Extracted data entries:
[Start of section]

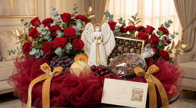 📝 Descripción Sensorial: Más que una canasta, es una nube de dulzura. El volumen del empaque crea una experiencia de desempaquetado de lujo. Las frutas exóticas aportan color y vida, mientras el ángel hecho a mano queda como un recuerdo eterno.
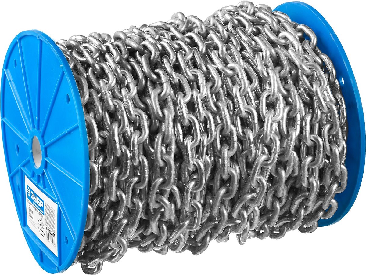 Цепь короткозвенная Зубр 4-304050-10 предназначена для перемещения грузов и их подъема на нужную высоту с помощью различных грузоподъемных устройств.
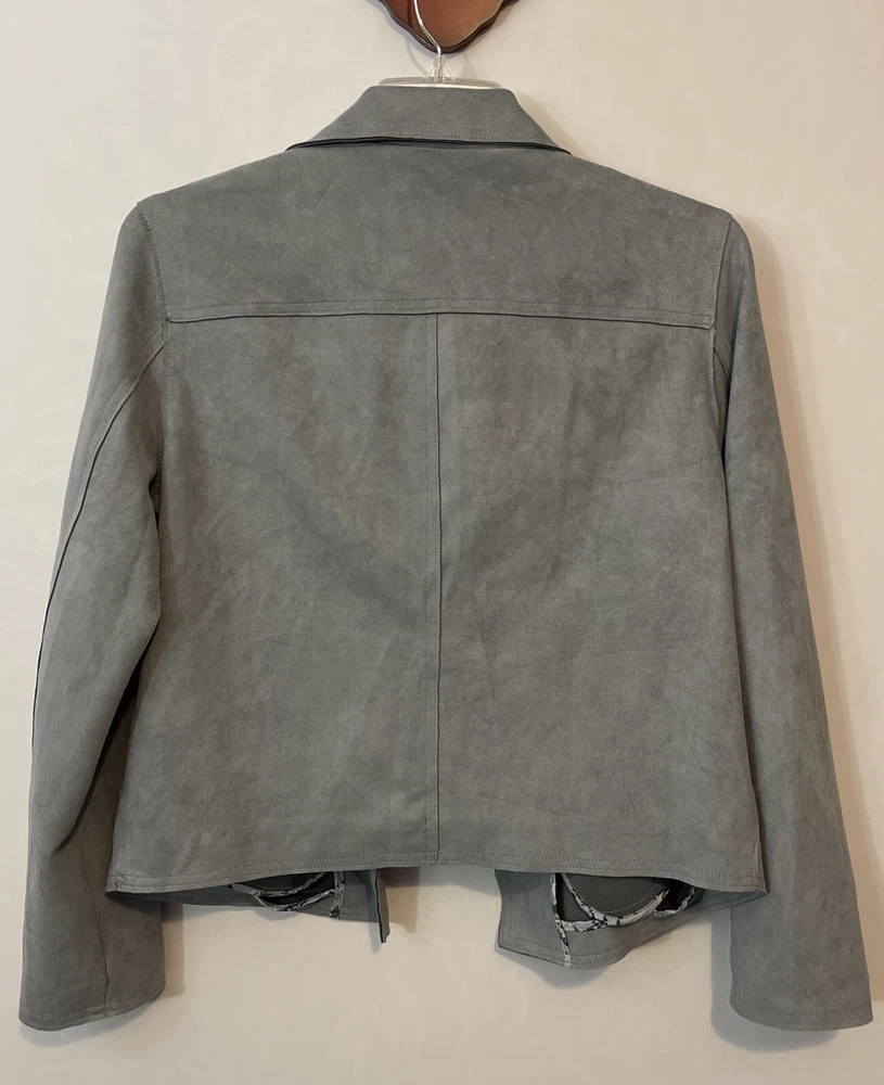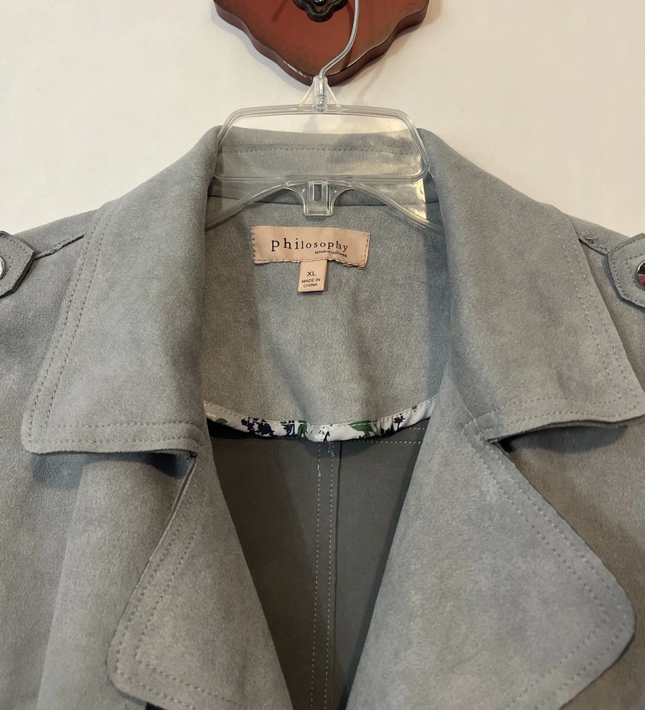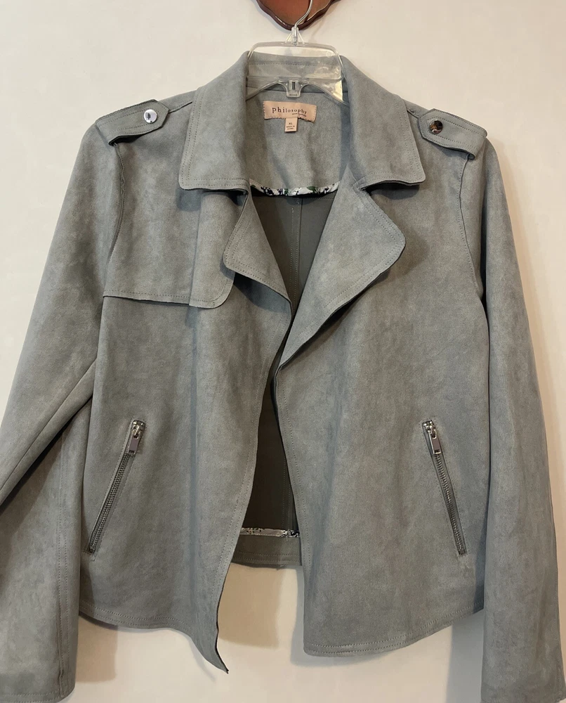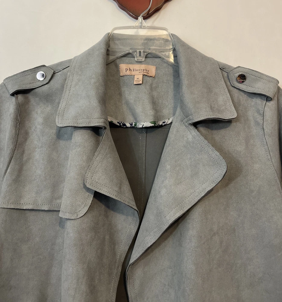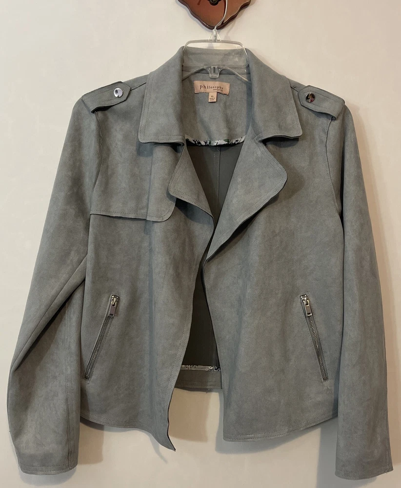 Elevate your wardrobe with this stunning Philosophy jacket! Crafted from luxurious velour style fabric, this gray jacket features an open-front design with a collared neckline and pleated accents. The long sleeves and zipped pockets make it perfect for both casual and business occasions, while the stretch and breathable features ensure comfort all year long. This designer jacket is available in size XL and is a must-have addition to any fashion-forward woman's collection. With its solid pattern and buckle and zipper accents, this jacket exudes sophistication and style. Add a touch of elegance to your outfit and make a statement with this Philosophy jacket! Length: 22 inches. Chest: 23 inches across laying flat. Material: polyester spandex blend.
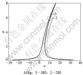 从图2可以看出:与一般弹簧的特性不同,空气弹簧的绝对弹力总是正值。但相对平衡位置,弹力可以有正有负:在平衡位置以上为负,在平衡位置以下为正。相对于平衡位置75 mm高度时的相对载荷如图3所示。
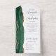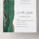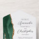 The left-hand edge of this elegant modern all-in-one wedding invitation and RSVP features an emerald green watercolor agate border trimmed with faux gold glitter. The customisable text combines charcoal grey handwriting, copperplate and italic fonts on a white background. The return address appears on the outside flap and the reverse side of the detachable RSVP card in charcoal grey text on solid white.
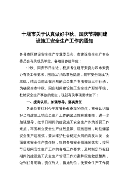十堰市关于认真做好中秋、国庆节期间建设施工安全生产工作的通知各县市区建设安全生产专业委员会、市建设安全生产专业委员会有关成员单位、各项目参建单位:中秋、国庆节日临近,根据省住建厅安委办和市安委办有关工作要求,围绕以“消除事故隐患,筑牢安全防线”为主线,结合当前正在开展的安全生产专项整治三年行动,为确保全市中秋、国庆期间建设施工安全生产形势平稳,杜绝安全生产事故的发生,现就有关事项要求如下:一、提高认识,加强领导,落实责任各单位要针对今年双节长假叠加的特点,充分认识做好当前建筑工地安全生产工作的紧迫性和重要性,进一步加强领导,把节日期间的建设施工安全生产作为首要工作来抓,牢固树立安全生产红线意识...
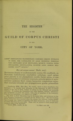 The register of the Guild of Corpus Christi in the city of York : with an appendix of illustrative documents, containing some account of the Hospital of St. Thomas of Canterbury, without Micklegate-Bar, in the suburbs of the city.
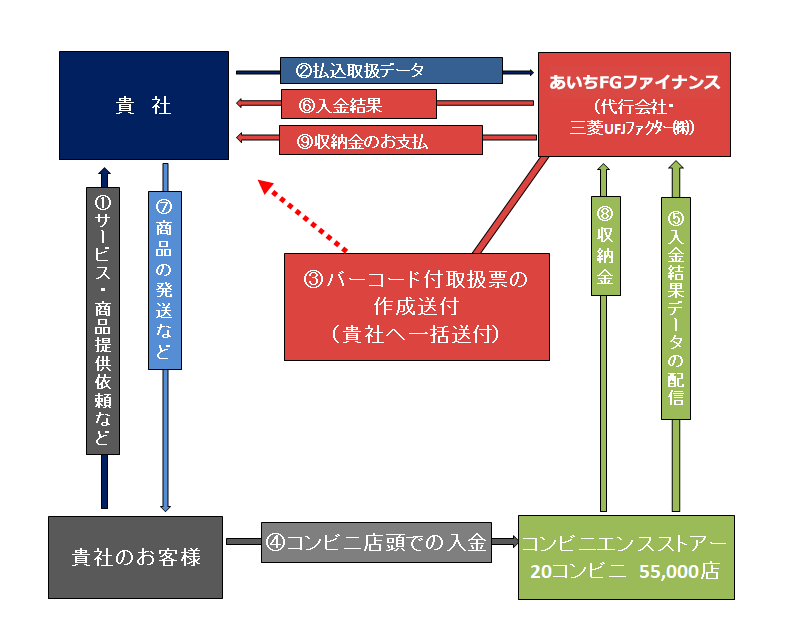 貴社から、あいちFGファイナンス宛にコンビニでの払込票の作成データをいただきます。
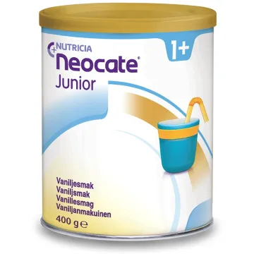 Neocate Junior är en komplett elementardiet baserad på aminosyror. Den är till för barn som har sojaallergi, komjölksallergi eller multipel födoämnesallergi. Den kan aäven användas vid andra tillstånd där man blivit rekommenderad en elementardiet. Neocate Junior kan drickas som kosttillägg eller vara enda föda eller sondnäring. Den kan användas i mat och vid bakning. 400 g. Neocate Junior är ett livsmedel för speciella medicinska ändamål och ska användas i samråd med läkare eller dietist. Neocate Junior är ej för parenteralt bruk. Lämplig som enda näringskälla och kan ges till barn över 1 år. Koka inte färdig tillredning och varken värm eller tillred Neocate Junior i mikrovågsugnen.
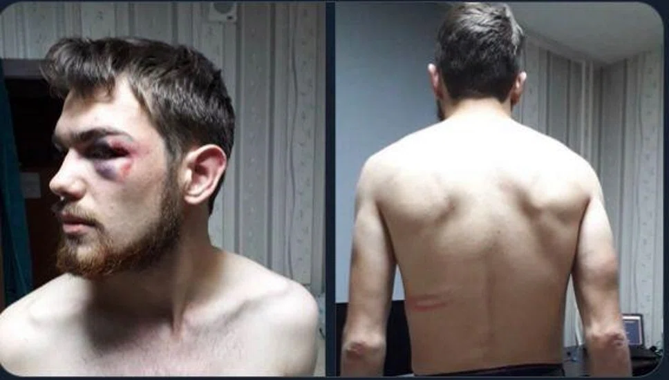 Началась экзекуция. Активистов спрашивали: «Кто главный? Где оружие? Где твой телефон?», били. Глеба стали избивать трое с дубинками: «по голове, по ногам, по рукам, по спине», на его голову, закрытую руками, и на спину встали берцами, разбили лицо. В больнице ему диагностировали «множественные ушибы тела средней тяжести».
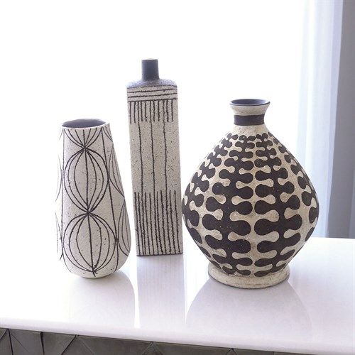 The Interlock Vase is slip cast Italian ceramic with hand-applied decoration.
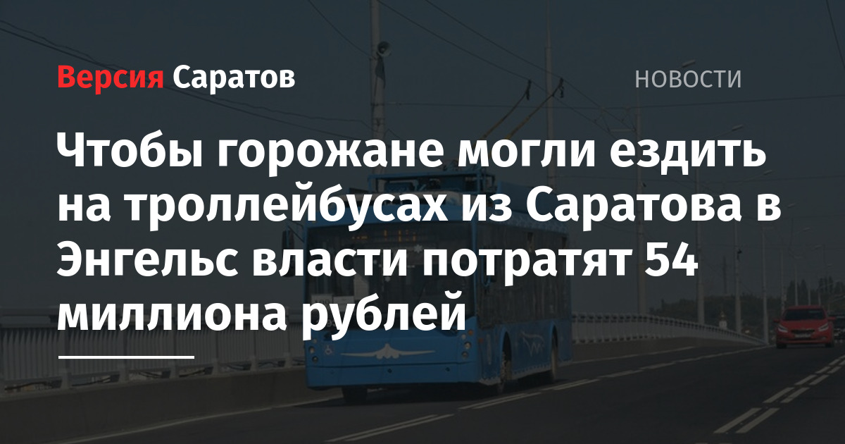 Чтобы горожане могли ездить на троллейбусах из Саратова в Энгельс власти потратят 54 миллиона рублей
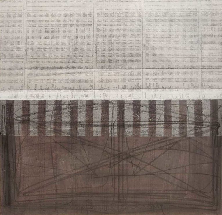 Mixed media on paper and collage, signed in Latin and Hebrew lower centre, 50 x 50 cm.
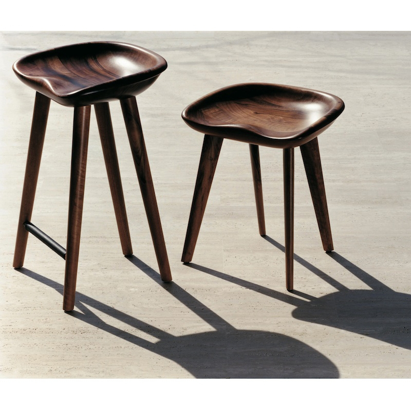 The design duo behind the BassamFellows brand were inspired by a Swiss tractor seat to carve the Tractor Stool series out of solid wood. High or low, these stools combine an ergonomic shape to ensure a comfortable seat with the sensuality of wood worked by a cabinetmaker. Solid wood forms a fine patina over time, so these products will last for generations without losing their character or visual appeal. Each model is unique and the finishes preserve the natural beauty of the wood. Tractor Stool is available in different seat heights: the low stool is perfect in a child's bedroom and the taller versions can fit under the kitchen bar. Lightweight and comfortable, these Tractor Stool from BassamFellows bring a touch of naturalness, softness and refinement with that raw look of wood and the different shades of colour it brings.
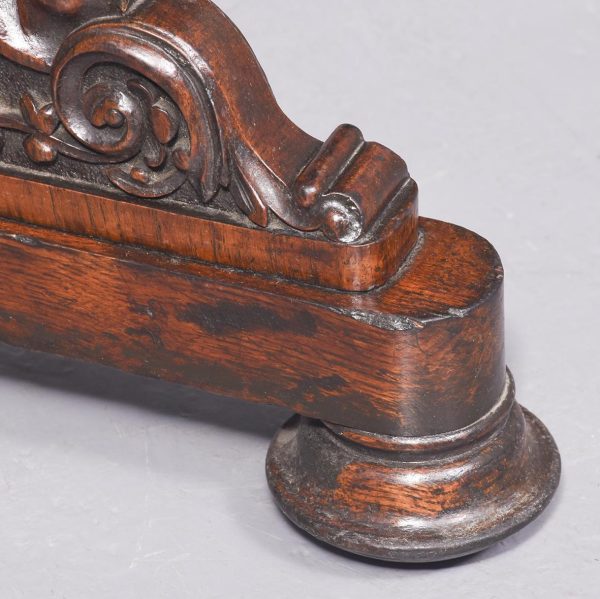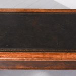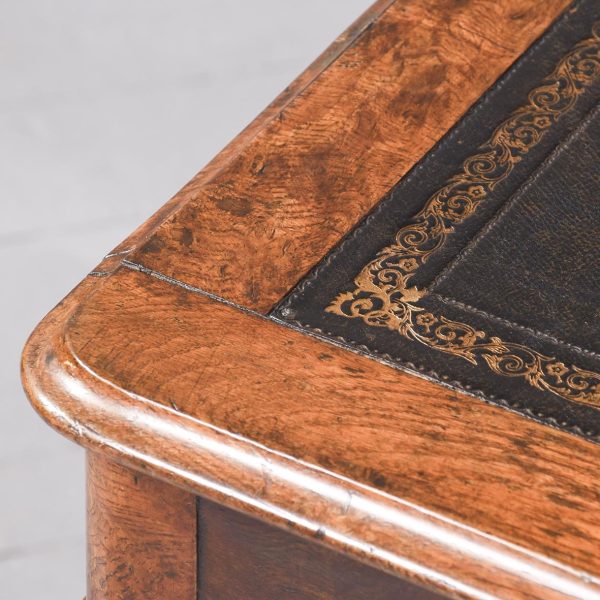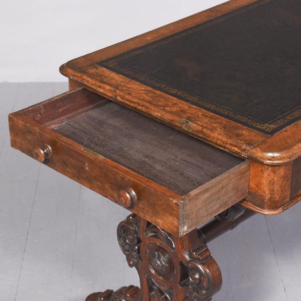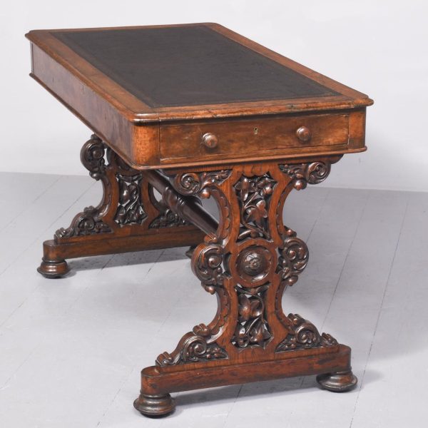 Circa 1830 Quality William IV pollard oak freestanding library/writing table. The rectangular top with a dark green tooled leather writing surface and a pollard oak surrounds, with frieze drawers with twin bun handles on both ends and supported by magnificent open trestles with carved flowers and acanthus leaves over platforms with turned cup feet with hidden brass castors, lovely colour and patina.
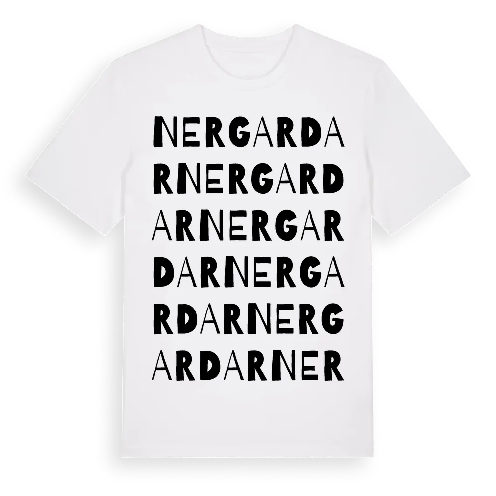 Nergardar ordlek t-shirt är inspirerad av Nergardar i Gotlands län, Sverige. Tröjan är designad för dig som har en speciell koppling till platsen – oavsett om du bor här, har rötterna här eller bara älskar Nergardar.
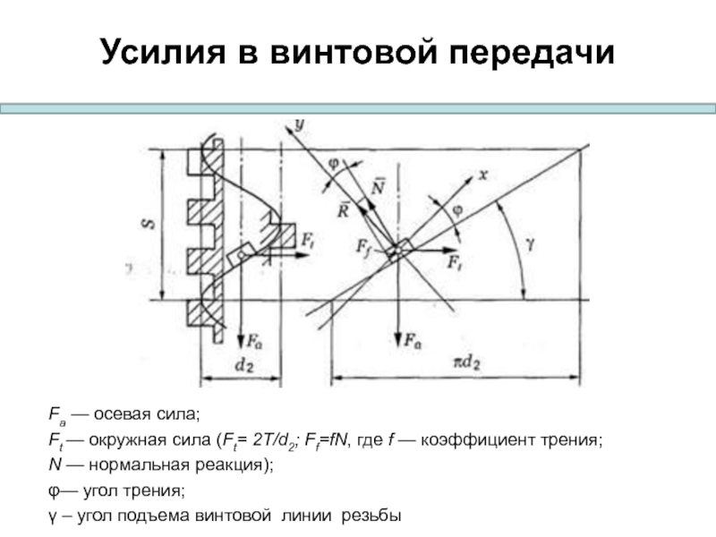Усилия в винтовой передачиFa — осевая сила; Ft — окружная сила (Ft= 2T/d2; Ff=fN, где f —
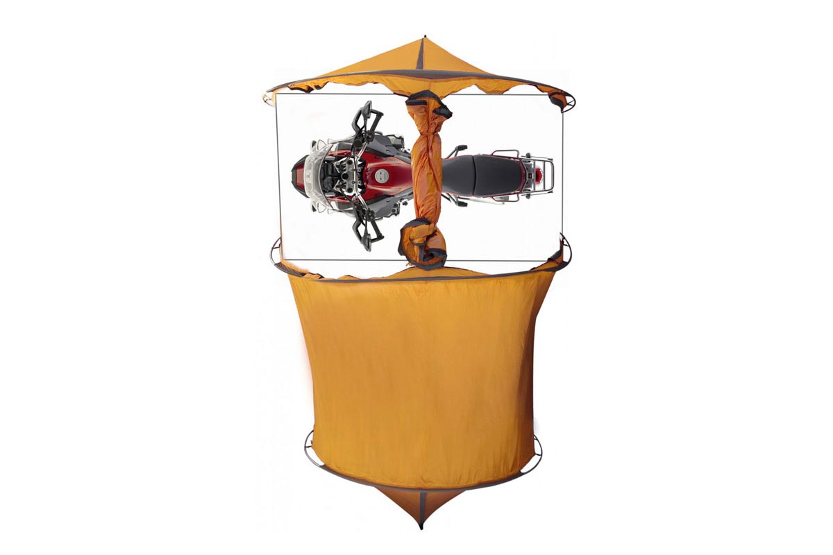 The Redverz Tenere Expedition tent, and the larger Series II Expedition tent, are not perhaps the first motorcycle-in-a-tent ideas, though they catches us as some of the most well thought-out offerings in this space. These three-season tent sleeps three people (read: two normal-sized humans) and one motorcycle, have a rain fly, and are generally packable into your typical motorcycle pannier mess of kit (13 lbs of tent according to Redverz). The motorcycle bay can be ridden into, is tall enough for you to stand in, and zips into the area where you sleep, making it convenient for on-the-trail repairs, coverings, etc.

[End of section]

Directions for this task -
What is needed here is an exact copy of every record, with the pictures left out.

Solution -
 📝 Descripción Sensorial: Más que una canasta, es una nube de dulzura. El volumen del empaque crea una experiencia de desempaquetado de lujo. Las frutas exóticas aportan color y vida, mientras el ángel hecho a mano queda como un recuerdo eterno.
 Цепь короткозвенная Зубр 4-304050-10 предназначена для перемещения грузов и их подъема на нужную высоту с помощью различных грузоподъемных устройств.
 Elevate your wardrobe with this stunning Philosophy jacket! Crafted from luxurious velour style fabric, this gray jacket features an open-front design with a collared neckline and pleated accents. The long sleeves and zipped pockets make it perfect for both casual and business occasions, while the stretch and breathable features ensure comfort all year long. This designer jacket is available in size XL and is a must-have addition to any fashion-forward woman's collection. With its solid pattern and buckle and zipper accents, this jacket exudes sophistication and style. Add a touch of elegance to your outfit and make a statement with this Philosophy jacket! Length: 22 inches. Chest: 23 inches across laying flat. Material: polyester spandex blend.
 从图2可以看出:与一般弹簧的特性不同,空气弹簧的绝对弹力总是正值。但相对平衡位置,弹力可以有正有负:在平衡位置以上为负,在平衡位置以下为正。相对于平衡位置75 mm高度时的相对载荷如图3所示。
 The left-hand edge of this elegant modern all-in-one wedding invitation and RSVP features an emerald green watercolor agate border trimmed with faux gold glitter. The customisable text combines charcoal grey handwriting, copperplate and italic fonts on a white background. The return address appears on the outside flap and the reverse side of the detachable RSVP card in charcoal grey text on solid white.
十堰市关于认真做好中秋、国庆节期间建设施工安全生产工作的通知各县市区建设安全生产专业委员会、市建设安全生产专业委员会有关成员单位、各项目参建单位:中秋、国庆节日临近,根据省住建厅安委办和市安委办有关工作要求,围绕以“消除事故隐患,筑牢安全防线”为主线,结合当前正在开展的安全生产专项整治三年行动,为确保全市中秋、国庆期间建设施工安全生产形势平稳,杜绝安全生产事故的发生,现就有关事项要求如下:一、提高认识,加强领导,落实责任各单位要针对今年双节长假叠加的特点,充分认识做好当前建筑工地安全生产工作的紧迫性和重要性,进一步加强领导,把节日期间的建设施工安全生产作为首要工作来抓,牢固树立安全生产红线意识...
 The register of the Guild of Corpus Christi in the city of York : with an appendix of illustrative documents, containing some account of the Hospital of St. Thomas of Canterbury, without Micklegate-Bar, in the suburbs of the city.
 貴社から、あいちFGファイナンス宛にコンビニでの払込票の作成データをいただきます。
 Neocate Junior är en komplett elementardiet baserad på aminosyror. Den är till för barn som har sojaallergi, komjölksallergi eller multipel födoämnesallergi. Den kan aäven användas vid andra tillstånd där man blivit rekommenderad en elementardiet. Neocate Junior kan drickas som kosttillägg eller vara enda föda eller sondnäring. Den kan användas i mat och vid bakning. 400 g. Neocate Junior är ett livsmedel för speciella medicinska ändamål och ska användas i samråd med läkare eller dietist. Neocate Junior är ej för parenteralt bruk. Lämplig som enda näringskälla och kan ges till barn över 1 år. Koka inte färdig tillredning och varken värm eller tillred Neocate Junior i mikrovågsugnen.
 Началась экзекуция. Активистов спрашивали: «Кто главный? Где оружие? Где твой телефон?», били. Глеба стали избивать трое с дубинками: «по голове, по ногам, по рукам, по спине», на его голову, закрытую руками, и на спину встали берцами, разбили лицо. В больнице ему диагностировали «множественные ушибы тела средней тяжести».
 The Interlock Vase is slip cast Italian ceramic with hand-applied decoration.
 Чтобы горожане могли ездить на троллейбусах из Саратова в Энгельс власти потратят 54 миллиона рублей
 Mixed media on paper and collage, signed in Latin and Hebrew lower centre, 50 x 50 cm.
 The design duo behind the BassamFellows brand were inspired by a Swiss tractor seat to carve the Tractor Stool series out of solid wood. High or low, these stools combine an ergonomic shape to ensure a comfortable seat with the sensuality of wood worked by a cabinetmaker. Solid wood forms a fine patina over time, so these products will last for generations without losing their character or visual appeal. Each model is unique and the finishes preserve the natural beauty of the wood. Tractor Stool is available in different seat heights: the low stool is perfect in a child's bedroom and the taller versions can fit under the kitchen bar. Lightweight and comfortable, these Tractor Stool from BassamFellows bring a touch of naturalness, softness and refinement with that raw look of wood and the different shades of colour it brings.
 Circa 1830 Quality William IV pollard oak freestanding library/writing table. The rectangular top with a dark green tooled leather writing surface and a pollard oak surrounds, with frieze drawers with twin bun handles on both ends and supported by magnificent open trestles with carved flowers and acanthus leaves over platforms with turned cup feet with hidden brass castors, lovely colour and patina.
 Nergardar ordlek t-shirt är inspirerad av Nergardar i Gotlands län, Sverige. Tröjan är designad för dig som har en speciell koppling till platsen – oavsett om du bor här, har rötterna här eller bara älskar Nergardar.
Усилия в винтовой передачиFa — осевая сила; Ft — окружная сила (Ft= 2T/d2; Ff=fN, где f —
 The Redverz Tenere Expedition tent, and the larger Series II Expedition tent, are not perhaps the first motorcycle-in-a-tent ideas, though they catches us as some of the most well thought-out offerings in this space. These three-season tent sleeps three people (read: two normal-sized humans) and one motorcycle, have a rain fly, and are generally packable into your typical motorcycle pannier mess of kit (13 lbs of tent according to Redverz). The motorcycle bay can be ridden into, is tall enough for you to stand in, and zips into the area where you sleep, making it convenient for on-the-trail repairs, coverings, etc.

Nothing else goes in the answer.